Gelecek-Saadet Grubu İstanbul Milletvekili Dr. Selim Temurci, TBMM Plan ve Bütçe
Komisyonu'nda Varlık Fonu'nun faaliyetleri üzerine önemli açıklamalarda
bulundu. Temurci, konuşmasına Varlık Fonu'nun devletin ve milletin varlıklarını
bünyesinde barındıran büyük bir yapı olduğunu vurgulayarak başladı.
Varlık Fonu'nun ekonomik performansının Türkiye Cumhuriyeti devletinin
ekonomik performansı için büyük önem taşıdığını ifade eden Temurci, Türkiye'nin
Varlık Fonu'nu Arap ülkelerindeki enerji odaklı fonlara benzemeyen, daha çok
Uzak Doğu ülkelerindeki stratejik kalkınma fonlarına benzetilebilecek bir yapı
olarak değerlendirdi.
2016'da kurulan Varlık Fonu'nun oluşum sürecini, o dönemdeki siyasi atmosferin
etkisiyle detaylı bir şekilde eleştiren Temurci, kuruluşun ardından yapılan
eleştirilerin, fonun ekonomiye gerçek bir katkı sağlayıp sağlamayacağı sorusunu
sorgulamaya engel olduğunu belirtti. Ancak, şu anda bu eleştirilerin yapılması
gerektiğini ve bunun siyasi kimliklerin ötesinde, ülkenin geleceği için yapılması
gereken bir sorumluluk olduğunu vurguladı.
Varlık Fonu'nun temel amacını, yurt içindeki kamuya ait varlıkları ekonomiye
kazandırmak olarak tanımlayan Temurci, özellikle Ziraat Bankası gibi önemli kamu
bankalarının zaten ekonominin içerisinde etkin bir rol oynadığını ve Varlık
Fonu'nun bu tür kurumları ekonomiye kazandırmak yerine, daha stratejik bir
kalkınma fonu olarak işlev görmesi gerektiğini savundu.
Eski bir bankacı olduğunu vurgulayarak faiz politikalarına ve kamu bankalarına
sermaye desteği konusundaki eleştirilerini dile getiren Temurci, devletin bu
kurumları daha etkin bir şekilde yönetmesi ve ekonomiye daha fazla katkı
sağlaması gerektiğini belirtti. Ayrıca, Varlık Fonu'nun bu kurumların zararlarını
kapatmak yerine, stratejik yatırımlara odaklanması gerektiğini ifade etti.

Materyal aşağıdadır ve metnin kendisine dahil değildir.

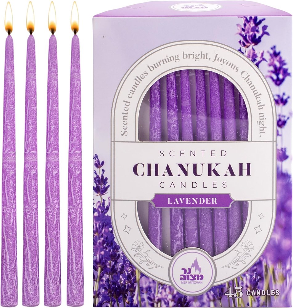 These candles meet all Jewish law requirements to be lit in a menorah, and at 5" tall are designed to burn for more than 1 hour, giving off a lavender scent.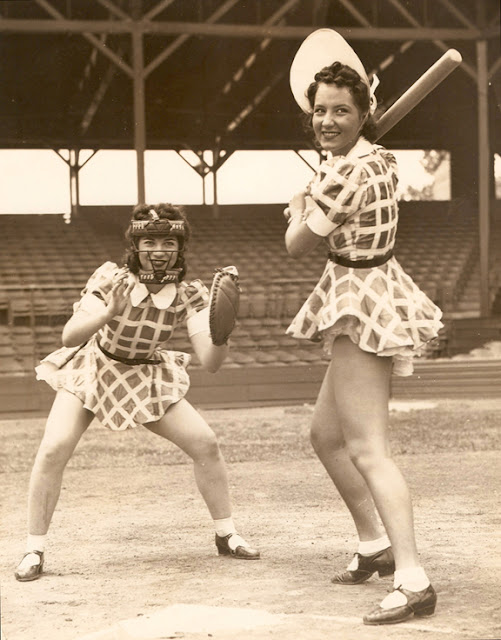 This amazingly cute photo of Mitzi in catcher's gear was probably taken in the 1940s. We don't know the location, nor do we know if Mitzi had any interest in the game. In all my years of conversation with Mitzi, she occasionally talked about her dancing days but never mentioned baseball. Obviously this photo was a set-up, and it's amusing that both offense and defense are wearing the same uniform!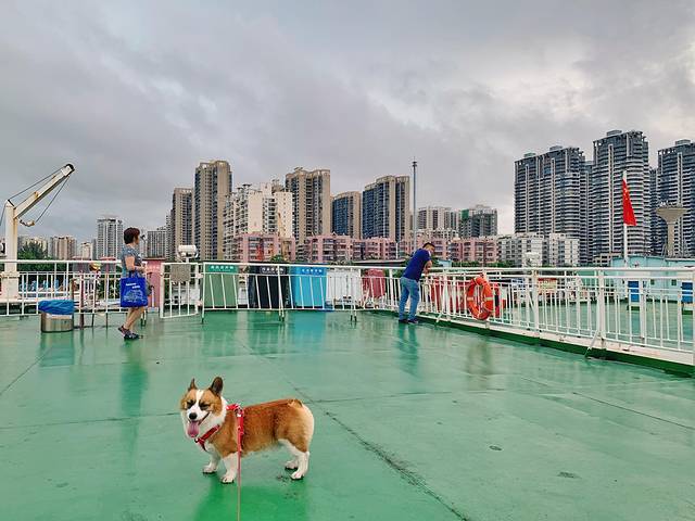 一定要在琼州海峡轮渡管家公众号上提前查好班次提前订票,然后提前一小时抵达码头。码头实行人车分流,小车上除了驾驶员外,随车人员是需要下车的,从旅客通道上轮渡。如果带狗狗的小伙伴,狗狗也是随车一起进去,停好车后驾驶员再带着狗狗去到船舱里。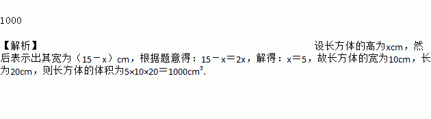 图1是边长为30 cm的正方形纸板,裁掉阴影后将其折叠成图2所示的长方体盒子,已知该长方体的宽是高的2倍,则它的体积是_____________cm3.

Varlık Fonu'nun kamu denetimine tabi olmayan özel bir hukuk yapısına sahip
olmasının eleştiren Temurci, Sayıştay'ın denetim mekanizmasında yer
almamasının ciddi bir sorun olduğunu dile getirdi. Ayrıca, Sayıştay'ın olmamasının,
Varlık Fonu'nun yönetimindeki isimlerin devletin en üst düzeyindeki yetkililer
olması durumunda bir çatışma yarattığını ve bu durumun ciddi bir sorun teşkil
ettiğini belirtti.
Temurci, Varlık Fonu'nun genel performansını değerlendirirken, özellikle kârlılık
ve zararları inceledi. 2021 ve 2022'de Varlık Fonu'nun kurumsal iletişim ve
seyahat giderlerinin olağanüstü bir şekilde arttığına dikkat çeken Temurci, bu
konuların detaylı bir şekilde incelenmesi gerektiğini ifade etti. Ayrıca, Varlık
Fonu'nun şeffaflığını ölçen uluslararası kuruluşların verdiği notların düşük
olmasıyla ilgili endişelerini dile getirdi.
Son olarak, Varlık Fonu'nun önümüzdeki dönemde Türkiye'nin doğal kaynaklarını
ve ekonomik projelerini nasıl yöneteceğine dair bir projeksiyonunun olmamasının
eksiklik olarak görülmesi gerektiğini belirten Temurci, Varlık Fonu'nun stratejik
bir kalkınma fonu olması gerektiğini ve bu yönde yapılacak değişikliklere ihtiyaç
olduğunu vurguladı.
Dr. Selim Temurci'nin bu kapsamlı konuşması, Varlık Fonu'nun işleyişi, yönetimi
ve ekonomiye olan etkileri üzerine geniş bir perspektif sunarak dikkat çekti.